Items from a dataset:
▼
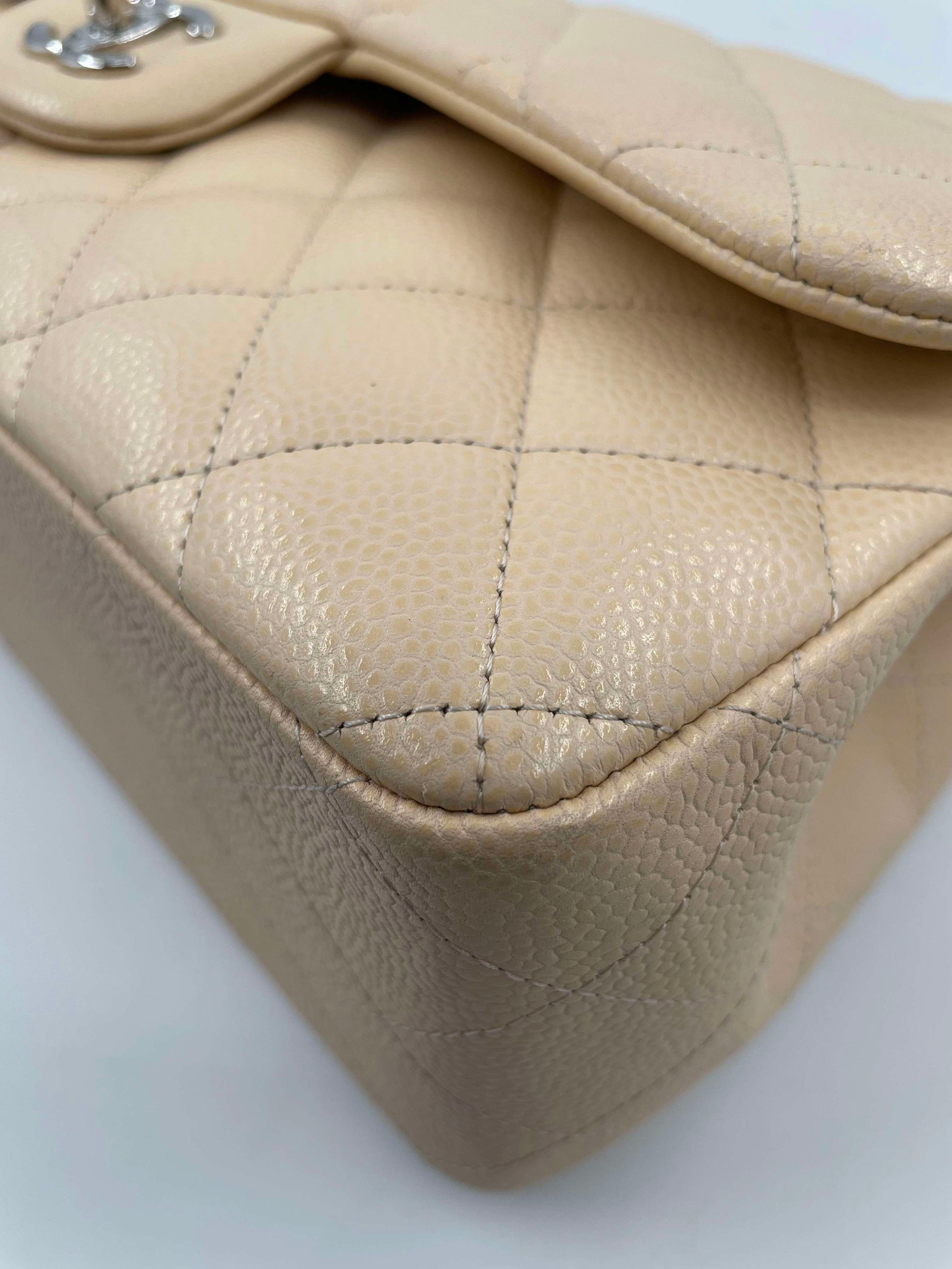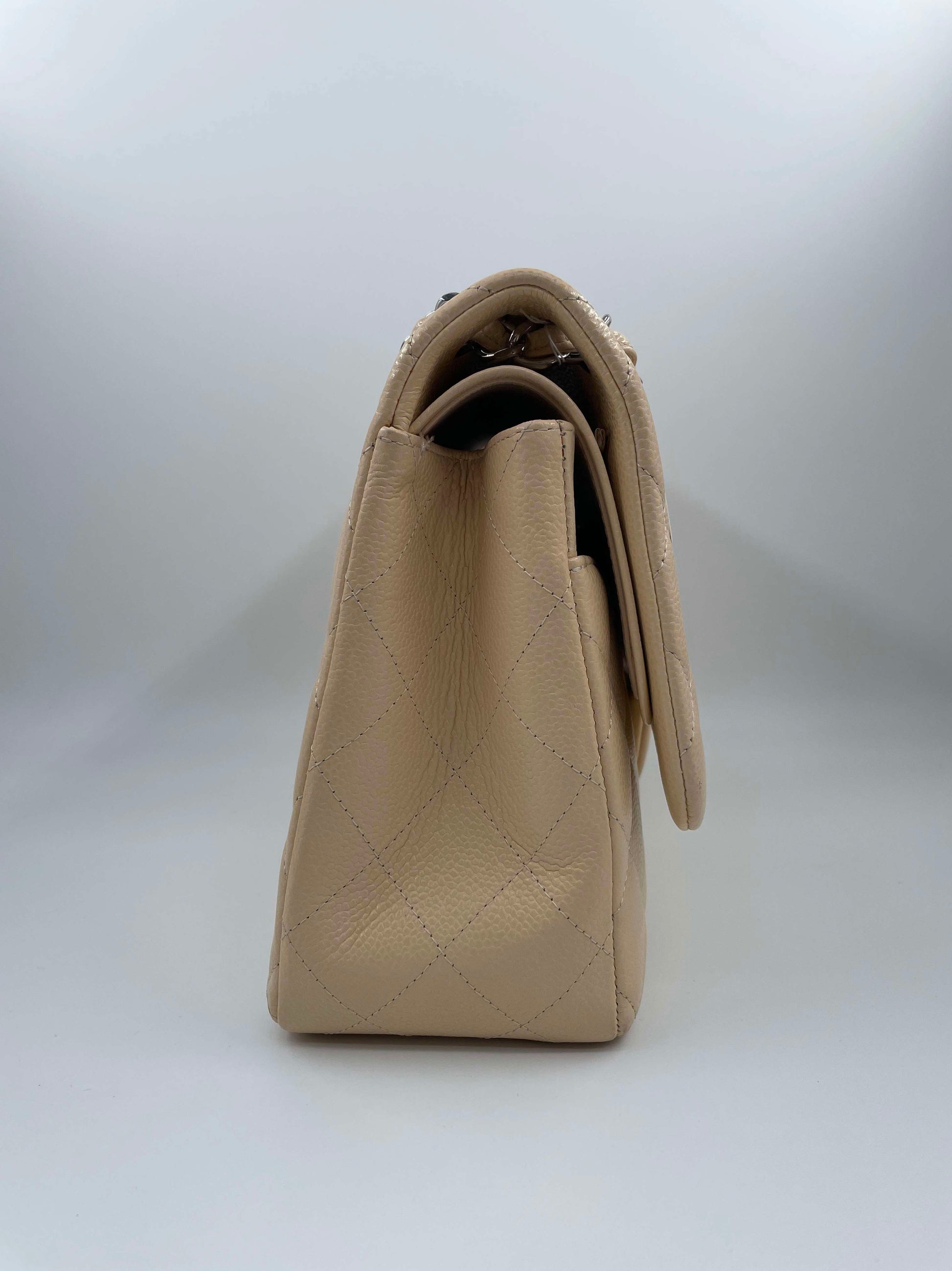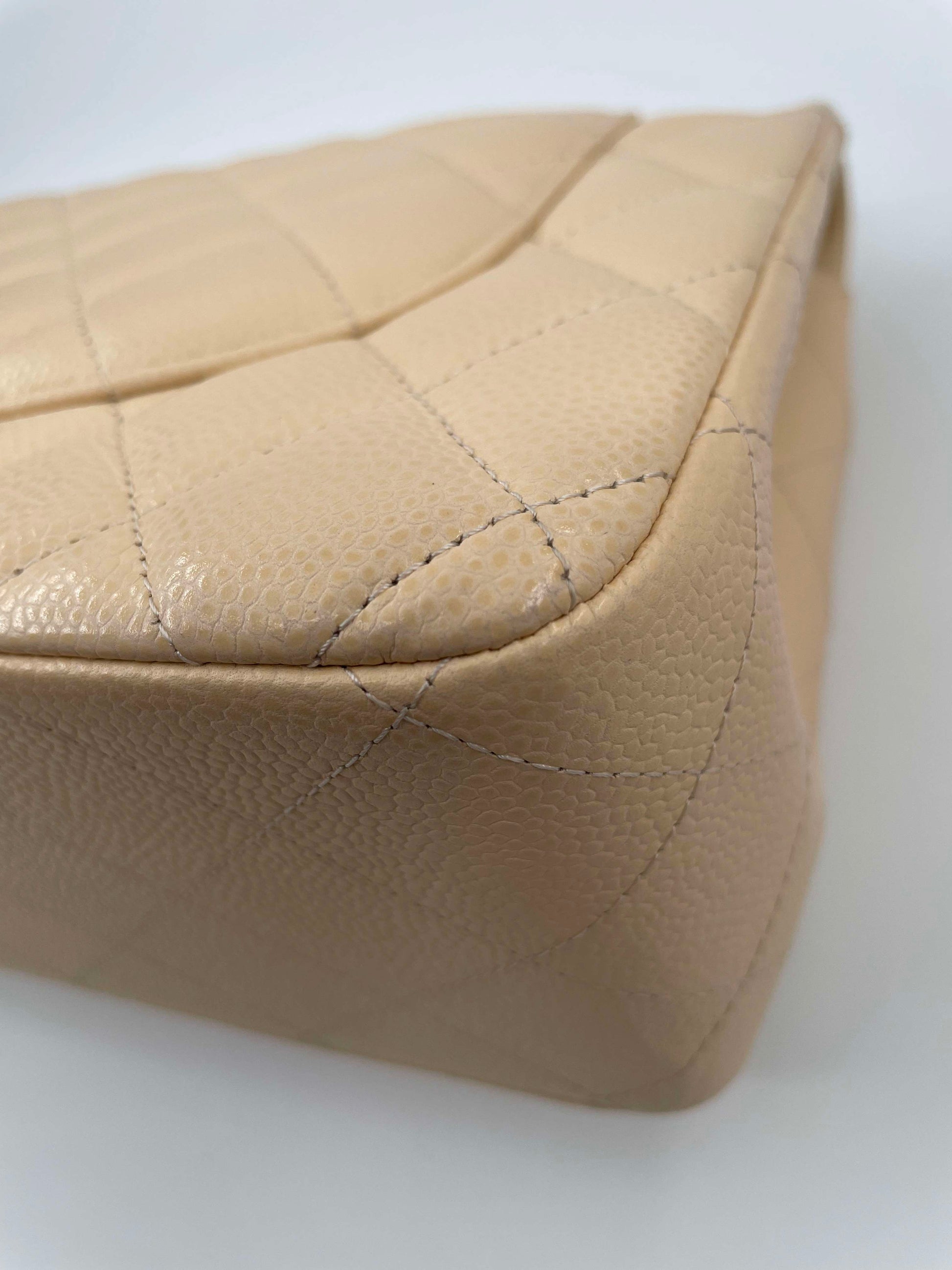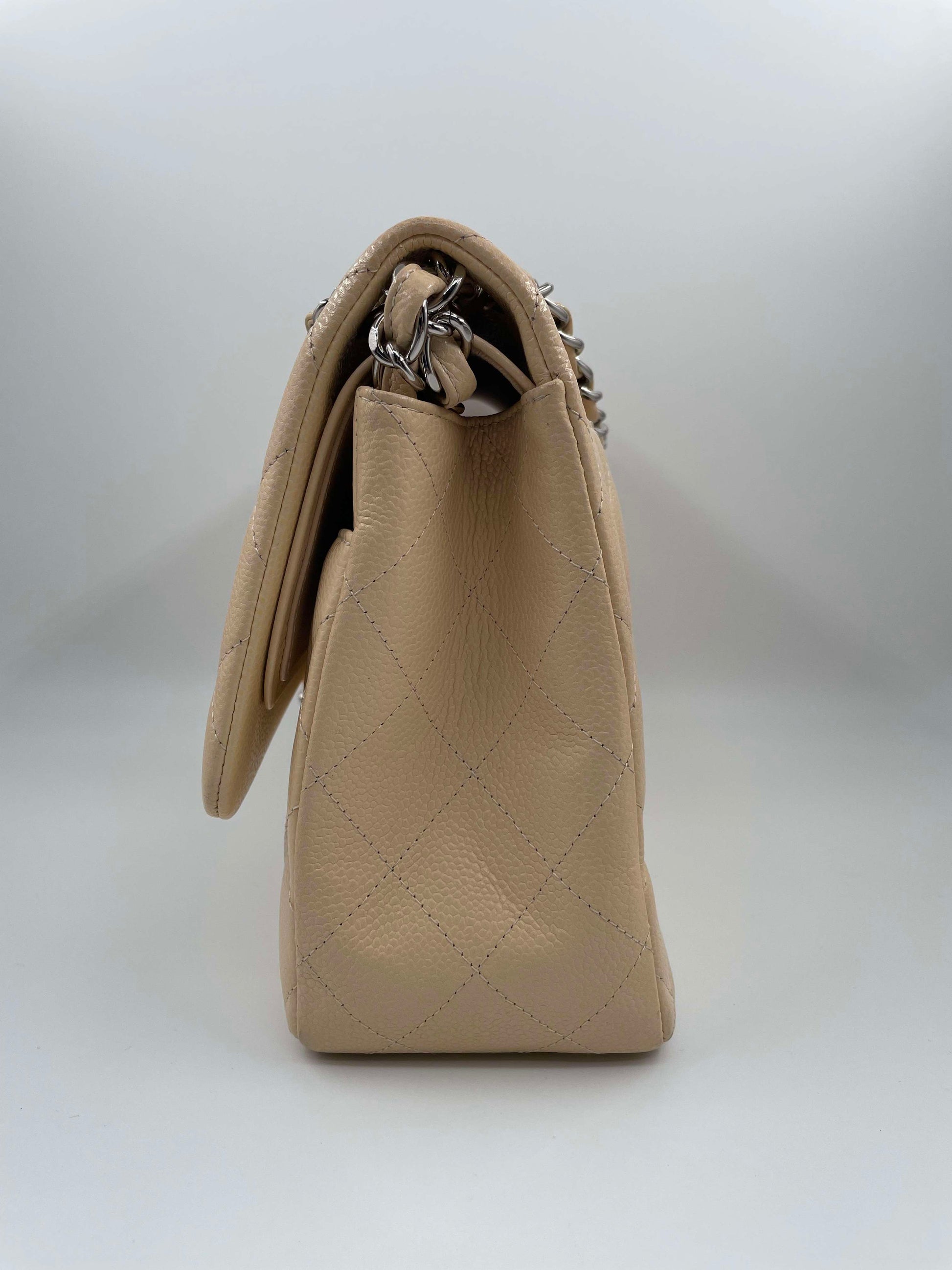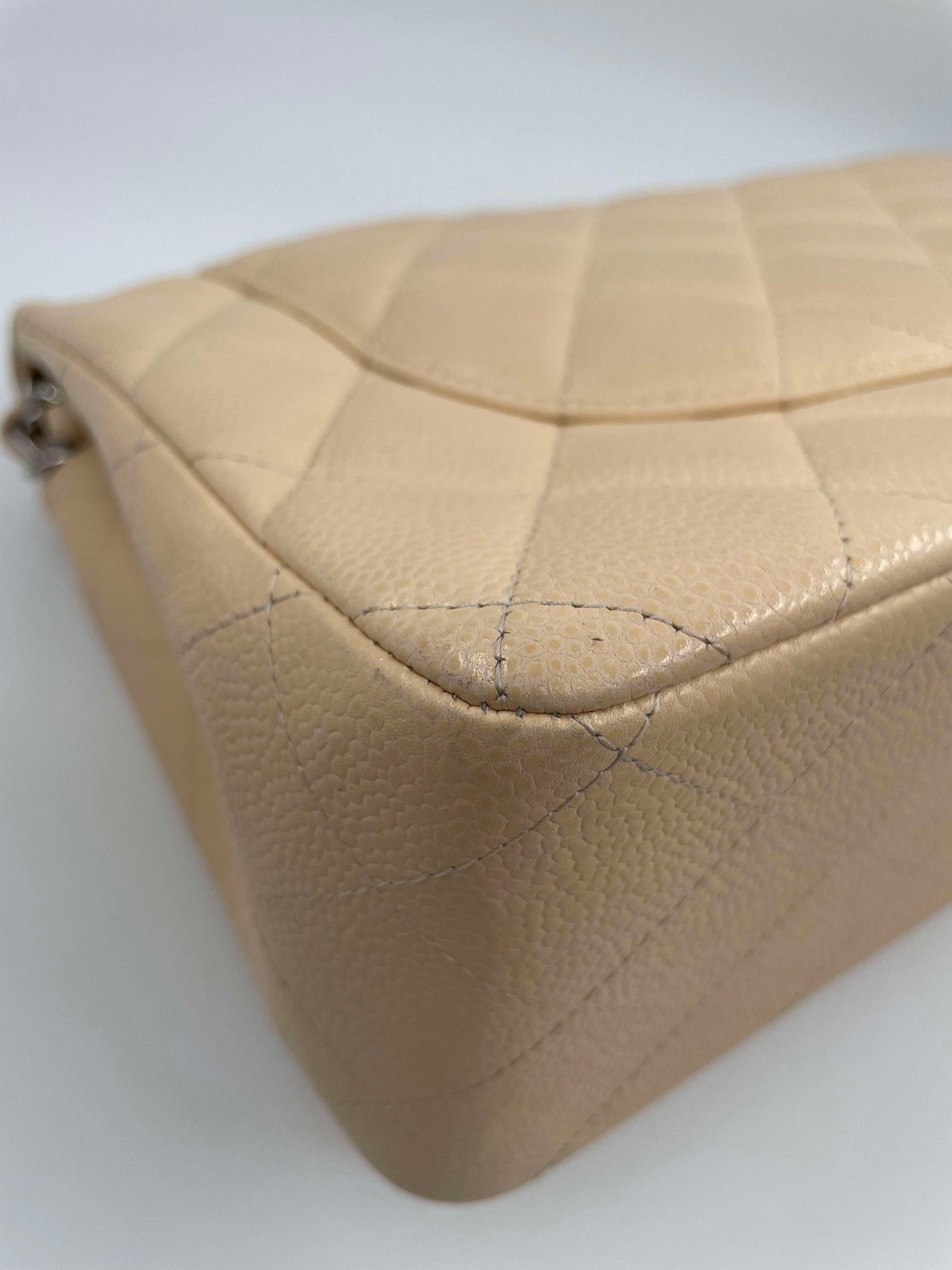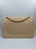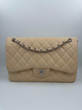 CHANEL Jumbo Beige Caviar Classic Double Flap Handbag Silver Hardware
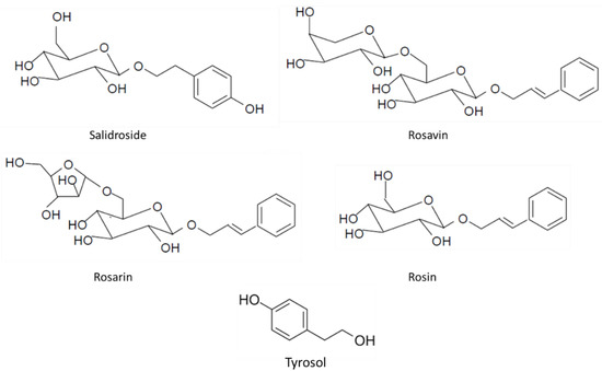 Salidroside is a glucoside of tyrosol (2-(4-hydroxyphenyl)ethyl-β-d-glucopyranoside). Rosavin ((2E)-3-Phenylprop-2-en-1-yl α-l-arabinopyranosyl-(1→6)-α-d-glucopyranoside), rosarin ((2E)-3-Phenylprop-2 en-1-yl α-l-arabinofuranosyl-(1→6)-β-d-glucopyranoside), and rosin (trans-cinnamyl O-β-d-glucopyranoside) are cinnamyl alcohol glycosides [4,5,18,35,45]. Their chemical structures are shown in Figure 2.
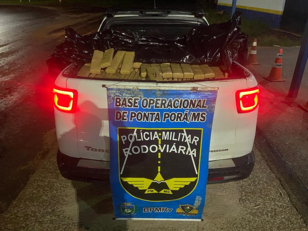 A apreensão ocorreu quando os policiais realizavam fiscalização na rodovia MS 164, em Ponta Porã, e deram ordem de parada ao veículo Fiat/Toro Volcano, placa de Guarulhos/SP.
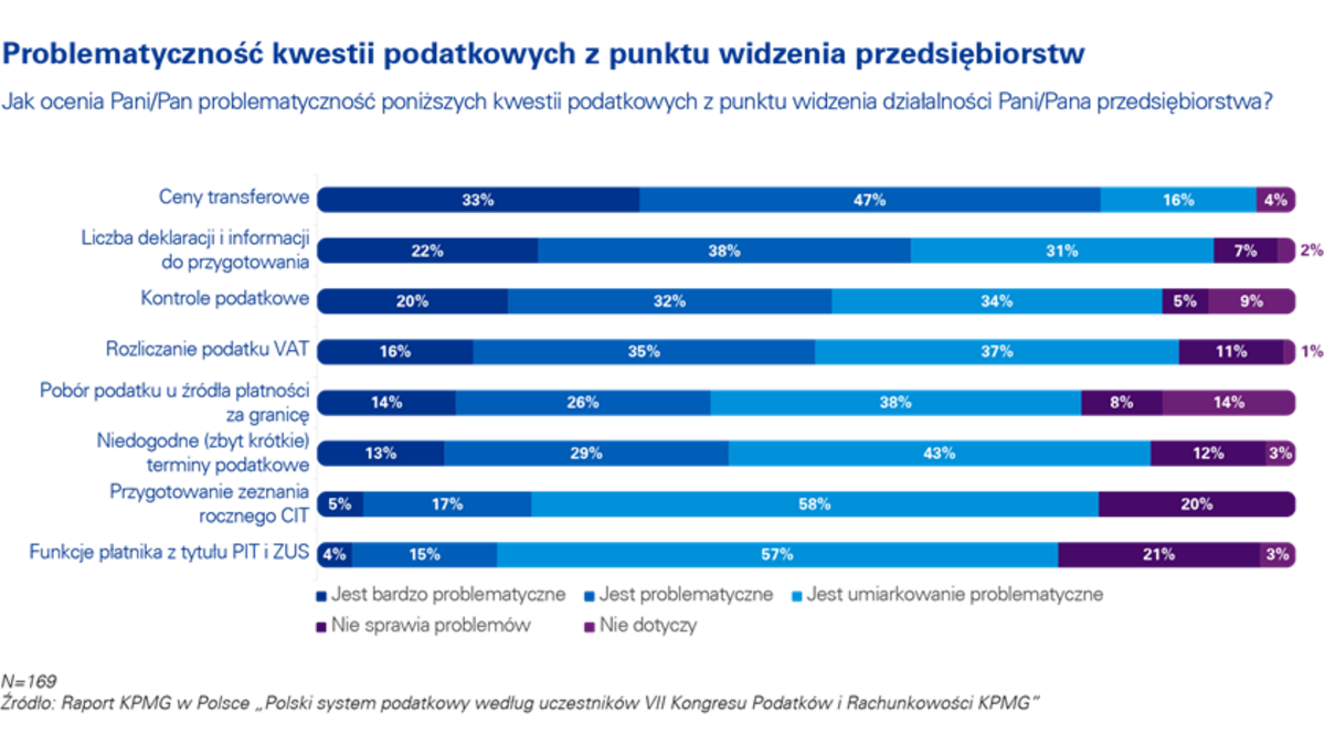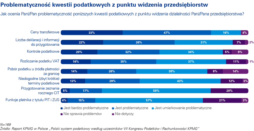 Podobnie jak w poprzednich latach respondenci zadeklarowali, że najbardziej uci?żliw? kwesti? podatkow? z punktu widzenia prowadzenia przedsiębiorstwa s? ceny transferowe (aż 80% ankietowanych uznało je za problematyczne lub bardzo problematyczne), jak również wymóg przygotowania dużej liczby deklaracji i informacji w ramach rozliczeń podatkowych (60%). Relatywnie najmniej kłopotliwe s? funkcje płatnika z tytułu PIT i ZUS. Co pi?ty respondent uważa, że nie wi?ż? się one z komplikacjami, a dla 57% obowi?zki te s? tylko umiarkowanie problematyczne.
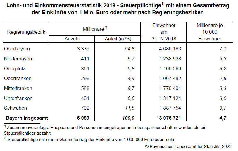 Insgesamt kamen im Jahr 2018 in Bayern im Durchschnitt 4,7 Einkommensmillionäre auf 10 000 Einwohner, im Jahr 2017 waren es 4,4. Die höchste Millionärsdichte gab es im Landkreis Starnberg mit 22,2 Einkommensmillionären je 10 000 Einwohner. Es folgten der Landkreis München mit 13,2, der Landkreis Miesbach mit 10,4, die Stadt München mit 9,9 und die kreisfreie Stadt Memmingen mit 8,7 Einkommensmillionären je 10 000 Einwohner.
▲
Goal of the exercise. Should a record include a picture, omit it from your copy and return the rest unchanged.

Answer section.
 CHANEL Jumbo Beige Caviar Classic Double Flap Handbag Silver Hardware
 Salidroside is a glucoside of tyrosol (2-(4-hydroxyphenyl)ethyl-β-d-glucopyranoside). Rosavin ((2E)-3-Phenylprop-2-en-1-yl α-l-arabinopyranosyl-(1→6)-α-d-glucopyranoside), rosarin ((2E)-3-Phenylprop-2 en-1-yl α-l-arabinofuranosyl-(1→6)-β-d-glucopyranoside), and rosin (trans-cinnamyl O-β-d-glucopyranoside) are cinnamyl alcohol glycosides [4,5,18,35,45]. Their chemical structures are shown in Figure 2.
 A apreensão ocorreu quando os policiais realizavam fiscalização na rodovia MS 164, em Ponta Porã, e deram ordem de parada ao veículo Fiat/Toro Volcano, placa de Guarulhos/SP.
 Podobnie jak w poprzednich latach respondenci zadeklarowali, że najbardziej uci?żliw? kwesti? podatkow? z punktu widzenia prowadzenia przedsiębiorstwa s? ceny transferowe (aż 80% ankietowanych uznało je za problematyczne lub bardzo problematyczne), jak również wymóg przygotowania dużej liczby deklaracji i informacji w ramach rozliczeń podatkowych (60%). Relatywnie najmniej kłopotliwe s? funkcje płatnika z tytułu PIT i ZUS. Co pi?ty respondent uważa, że nie wi?ż? się one z komplikacjami, a dla 57% obowi?zki te s? tylko umiarkowanie problematyczne.
 Insgesamt kamen im Jahr 2018 in Bayern im Durchschnitt 4,7 Einkommensmillionäre auf 10 000 Einwohner, im Jahr 2017 waren es 4,4. Die höchste Millionärsdichte gab es im Landkreis Starnberg mit 22,2 Einkommensmillionären je 10 000 Einwohner. Es folgten der Landkreis München mit 13,2, der Landkreis Miesbach mit 10,4, die Stadt München mit 9,9 und die kreisfreie Stadt Memmingen mit 8,7 Einkommensmillionären je 10 000 Einwohner.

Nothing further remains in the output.